_EXERCISE DETAILS_
The lines below, from the one containing "Este proyecto muestra" through the one containing "Шнур вязаный полипропиленовый", should be set down exactly, with no pictures and nothing else.

_SUPPLIED DATA_
********************

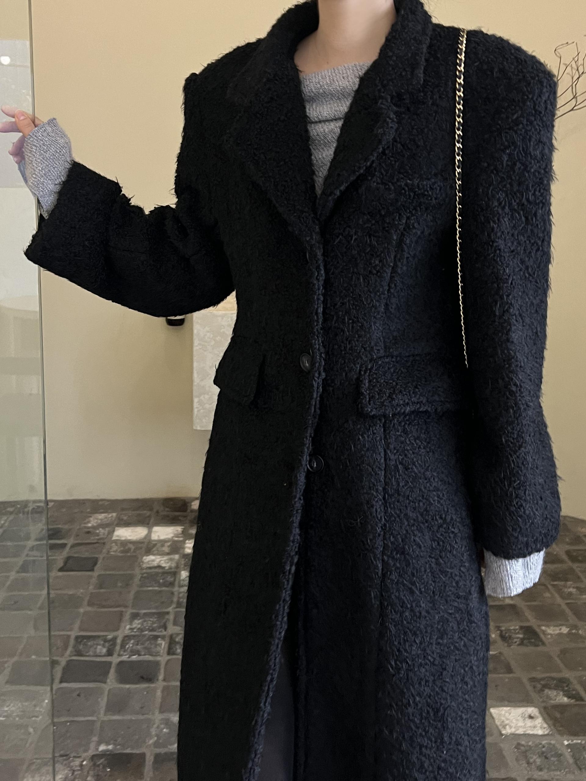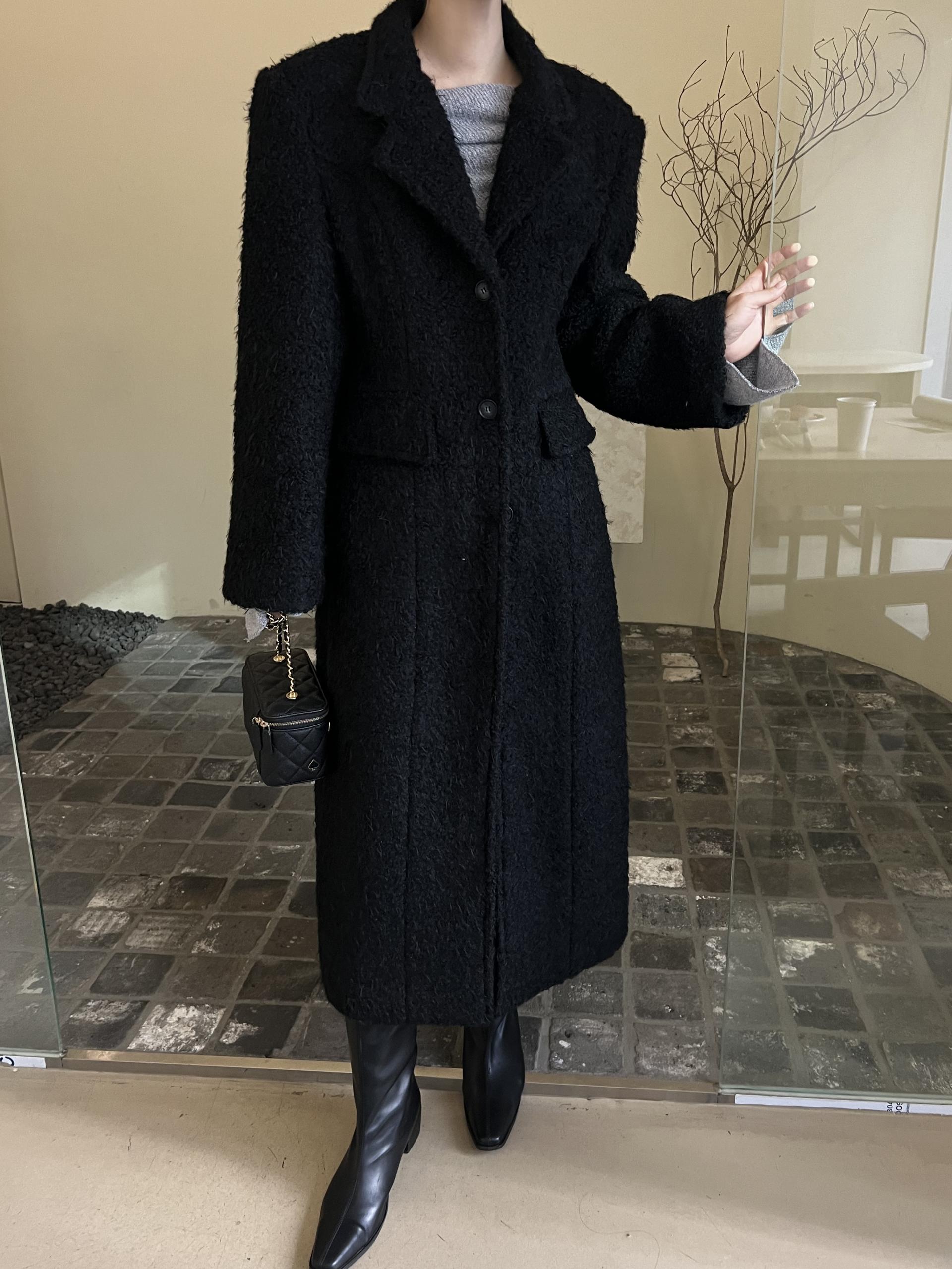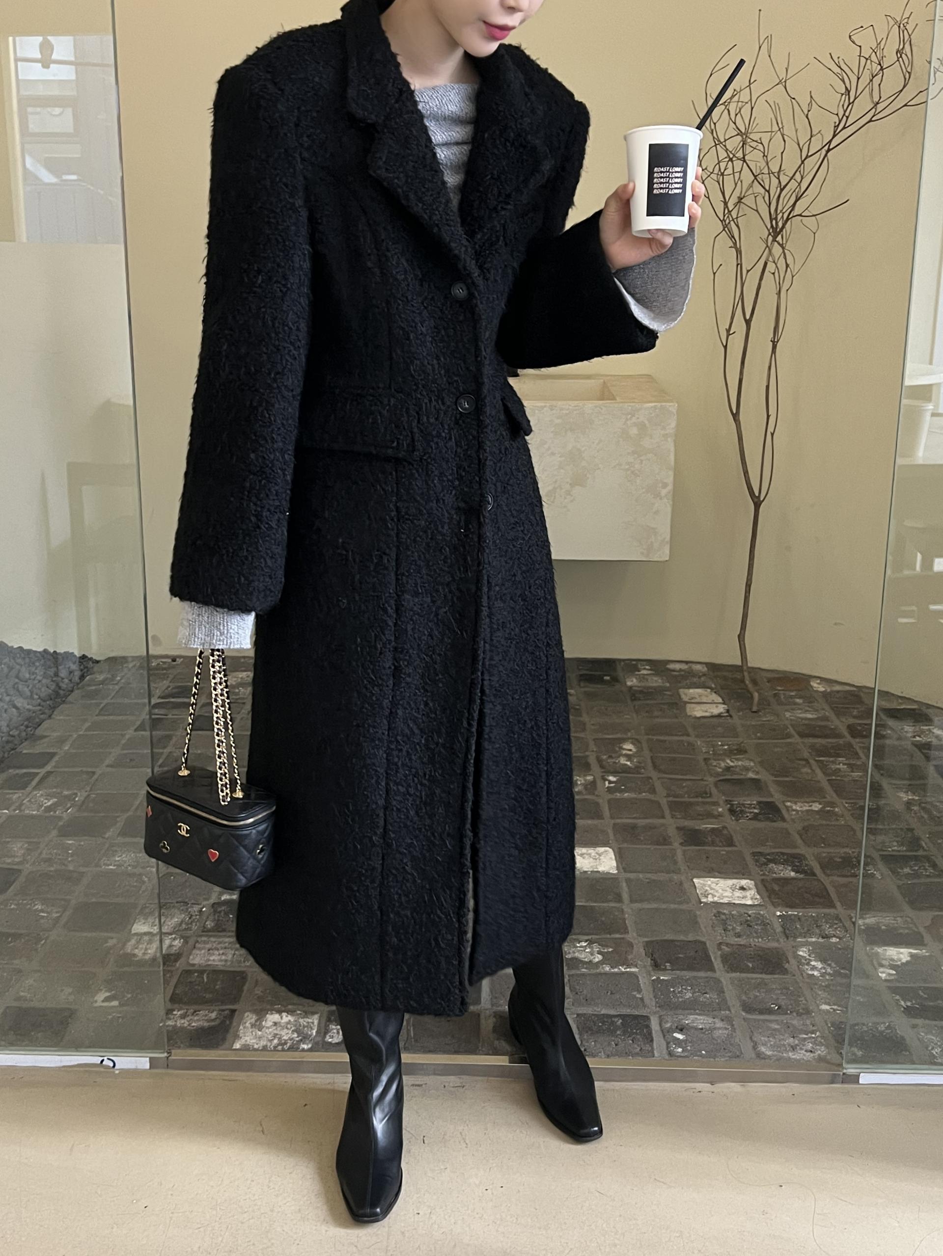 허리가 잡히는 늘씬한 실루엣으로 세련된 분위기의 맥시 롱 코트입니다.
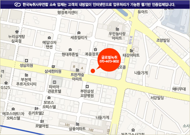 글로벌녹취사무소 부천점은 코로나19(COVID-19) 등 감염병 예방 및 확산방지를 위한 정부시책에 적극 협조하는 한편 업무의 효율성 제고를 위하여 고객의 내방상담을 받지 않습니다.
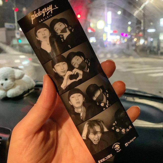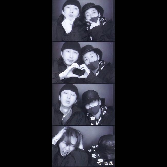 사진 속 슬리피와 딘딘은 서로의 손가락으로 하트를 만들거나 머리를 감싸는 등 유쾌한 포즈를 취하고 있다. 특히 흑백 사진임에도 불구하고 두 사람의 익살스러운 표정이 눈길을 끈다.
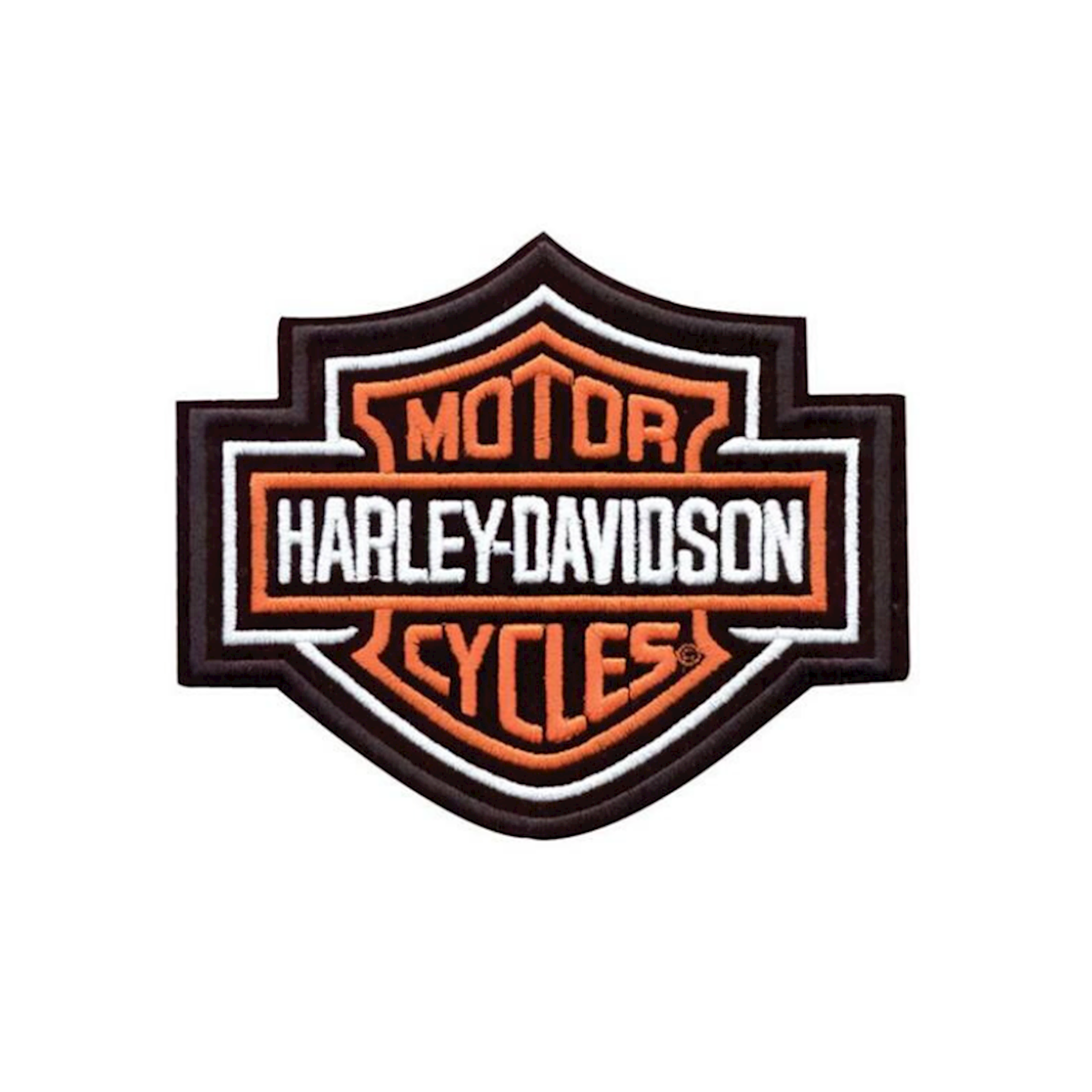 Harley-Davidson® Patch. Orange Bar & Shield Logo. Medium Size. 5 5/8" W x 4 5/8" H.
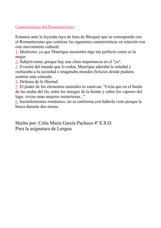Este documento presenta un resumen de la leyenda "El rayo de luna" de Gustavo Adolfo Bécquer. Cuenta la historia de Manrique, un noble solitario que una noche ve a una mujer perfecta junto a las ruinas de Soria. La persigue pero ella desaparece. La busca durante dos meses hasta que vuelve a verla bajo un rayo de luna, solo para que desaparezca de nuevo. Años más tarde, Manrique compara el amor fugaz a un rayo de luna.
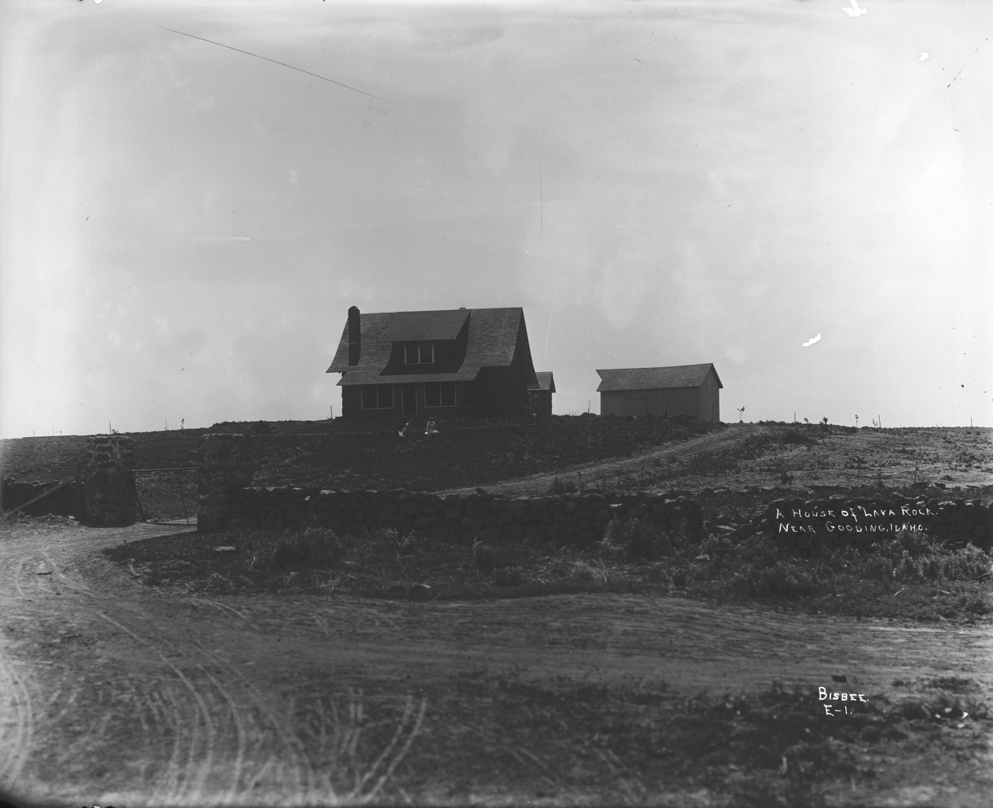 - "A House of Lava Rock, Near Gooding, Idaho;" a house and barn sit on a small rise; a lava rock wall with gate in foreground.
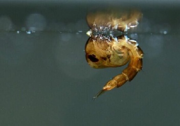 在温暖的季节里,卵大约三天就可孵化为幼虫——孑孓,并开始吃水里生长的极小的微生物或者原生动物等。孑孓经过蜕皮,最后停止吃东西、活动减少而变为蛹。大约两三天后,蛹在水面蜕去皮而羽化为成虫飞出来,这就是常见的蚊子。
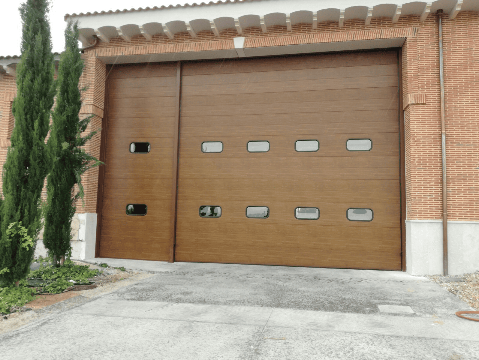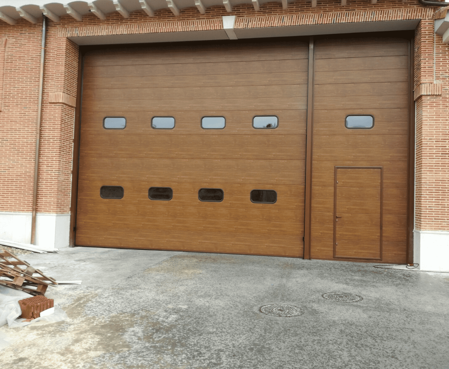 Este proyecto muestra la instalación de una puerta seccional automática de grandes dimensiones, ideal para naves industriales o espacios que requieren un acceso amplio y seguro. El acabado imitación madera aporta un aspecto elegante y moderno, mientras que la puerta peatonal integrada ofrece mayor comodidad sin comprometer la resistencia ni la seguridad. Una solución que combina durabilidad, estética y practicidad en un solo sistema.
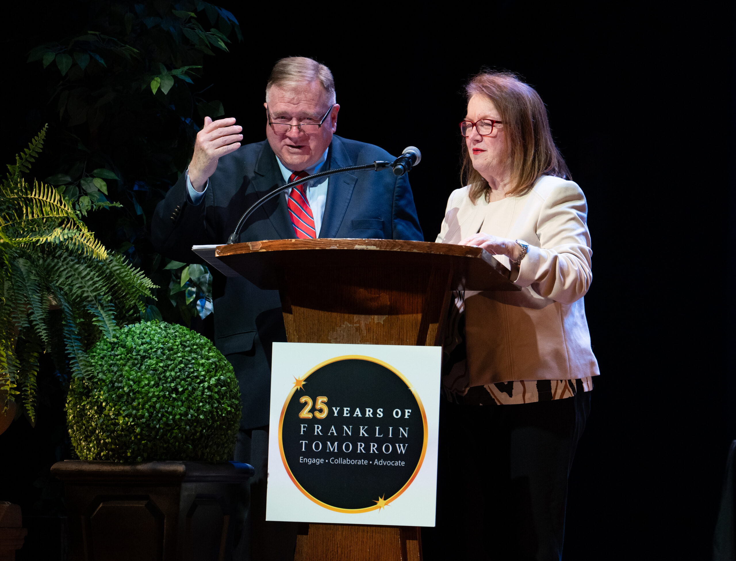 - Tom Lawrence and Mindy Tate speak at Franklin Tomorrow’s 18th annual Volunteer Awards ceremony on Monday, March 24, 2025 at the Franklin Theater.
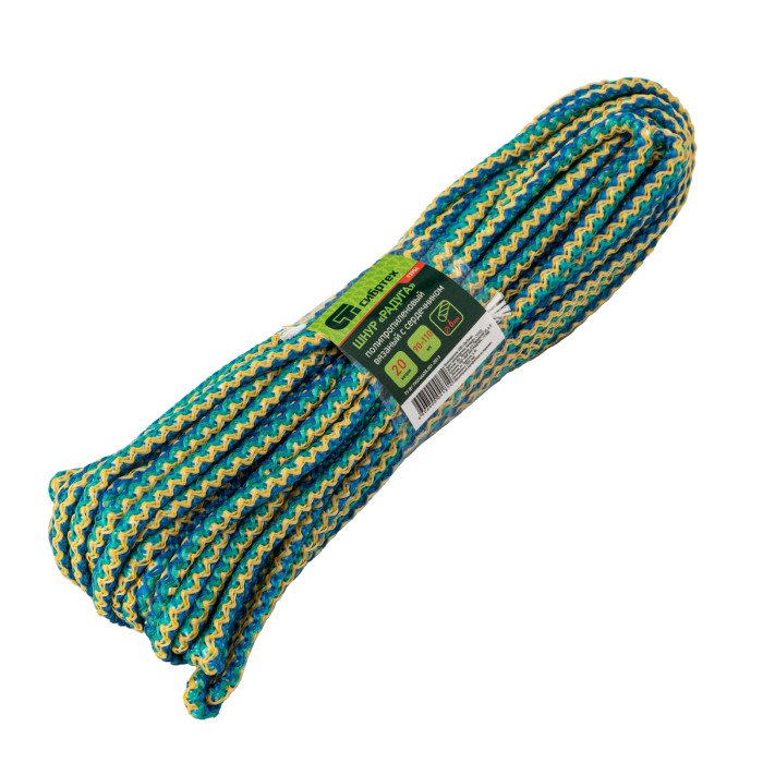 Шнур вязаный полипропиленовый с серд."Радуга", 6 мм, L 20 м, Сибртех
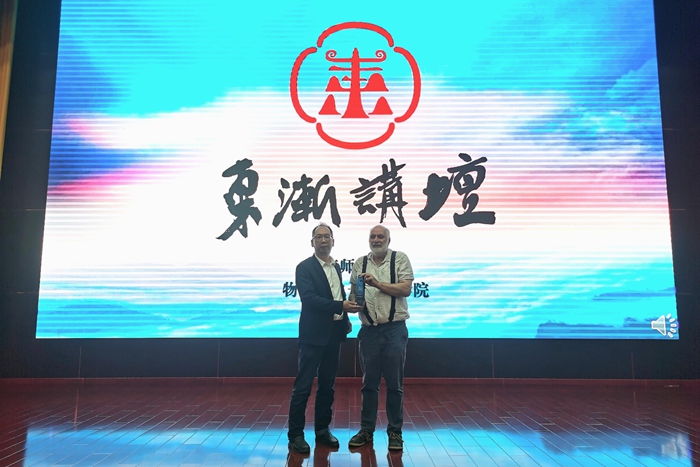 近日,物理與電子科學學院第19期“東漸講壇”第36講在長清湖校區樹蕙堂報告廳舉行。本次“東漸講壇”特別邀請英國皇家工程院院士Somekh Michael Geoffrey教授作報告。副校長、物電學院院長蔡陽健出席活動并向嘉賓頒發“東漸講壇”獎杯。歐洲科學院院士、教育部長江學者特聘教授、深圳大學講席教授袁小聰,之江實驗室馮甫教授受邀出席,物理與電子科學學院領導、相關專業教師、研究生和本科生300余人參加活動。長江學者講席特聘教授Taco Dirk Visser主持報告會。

********************

_TASK ANSWER_
 Este proyecto muestra la instalación de una puerta seccional automática de grandes dimensiones, ideal para naves industriales o espacios que requieren un acceso amplio y seguro. El acabado imitación madera aporta un aspecto elegante y moderno, mientras que la puerta peatonal integrada ofrece mayor comodidad sin comprometer la resistencia ni la seguridad. Una solución que combina durabilidad, estética y practicidad en un solo sistema.
 - Tom Lawrence and Mindy Tate speak at Franklin Tomorrow’s 18th annual Volunteer Awards ceremony on Monday, March 24, 2025 at the Franklin Theater.
 Шнур вязаный полипропиленовый с серд."Радуга", 6 мм, L 20 м, Сибртех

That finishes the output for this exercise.